Esiste, peraltro, un parallelo storico tra l'emergere del sesso sulla scena sociale e la scomparsa della morte dalla socialità e dalla quotidianità, che ha comportato e al contempo espresso un cambiamento radicale dell'equilibrio tra le forze in gioco e delle aspettative della collettività circa le condizioni di vita e le opportunità di gratificazione.
Oggi la sessualità ha sostituito la morte nella ritualizzazione collettiva, sicché la pornografia vera riguarda la morte, con la sua morbosa spettacolarizzazione nei mezzi di comunicazione di massa e il confinamento nella sfera privata, sino all'ipotesi di un suo totale superamento quantomeno come termine di confronto o pietra di paragone sul piano morale.

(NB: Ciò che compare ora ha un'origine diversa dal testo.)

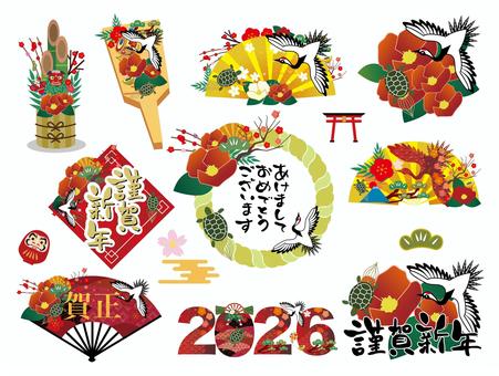 水彩風右上斜め結び注連縄龍のお年賀素材集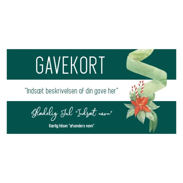 Gør julen lysere og gør gavekøb til en leg for dine kunder ved at tilbyde dem en smagfuld og indbydende måde at give den perfekte gave på. Køb dit Gavekort julegave grøn skilt i dag og skab en uforglemmelig gaveoplevelse, der vil blive husket længe efter sneen er smeltet.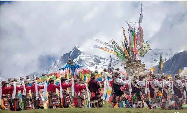 每年农历五月初四,当地藏族群众都要组织隆重的朝山祭祀活动,朝拜四姑娘山,祈祷风调雨顺、五谷丰登、国运昌盛。

Assistiamo nel presente agli effetti di una "cultura" volta a disorientare le persone, che crea cioè le condizioni per cui il soggetto non possegga più una bussola interiore, un centro, il che rende possibile e necessaria una prescrizione generalizzata sulle modalità e sulle finalità del comportamento dei singoli. Saranno allora i giornali, la televisione, i mass media in genere a prescrivere alle persone cosa devono fare e cosa devono sentire, cosa è "giusto" provare.
La mediazione della "macchina" non si realizza solo nell'ambito della medicalizzazione, ma si estende a tutta l’esistenza, non c'è aspetto della vita per il quale si possa evitare di rivolgersi e prestare ascolto ad un "esperto" attraverso i media.
L'identità viene così "massificata" proprio mentre si offre l'illusione della originalità, mentre cioè si lascia intendere che, seguendo le istruzioni, ciascuno giunga a realizzare se stesso. Ha scritto, a proposito della nuova società, Tony Duvert: “Basta immergervi una persona qualsiasi perché diventi uguale a tutti, con la felice illusione di essere solo se stessa, e perché agisca esattamente come tutti, con motivi strettamente personali per farlo".
I soggetti così disorientati e imboniti divengono poi degli ottimi consumatori, disponibili e desiderosi di "acquistare" quel che vien loro suggerito (o imposto) sia in termini di piacere che in termini di dolore. Il dolore viene spostato in un primo tempo nel privato e in un secondo momento addirittura proiettato fuori della vita; quindi non solo nascosto, bensì eliminato e cancellato.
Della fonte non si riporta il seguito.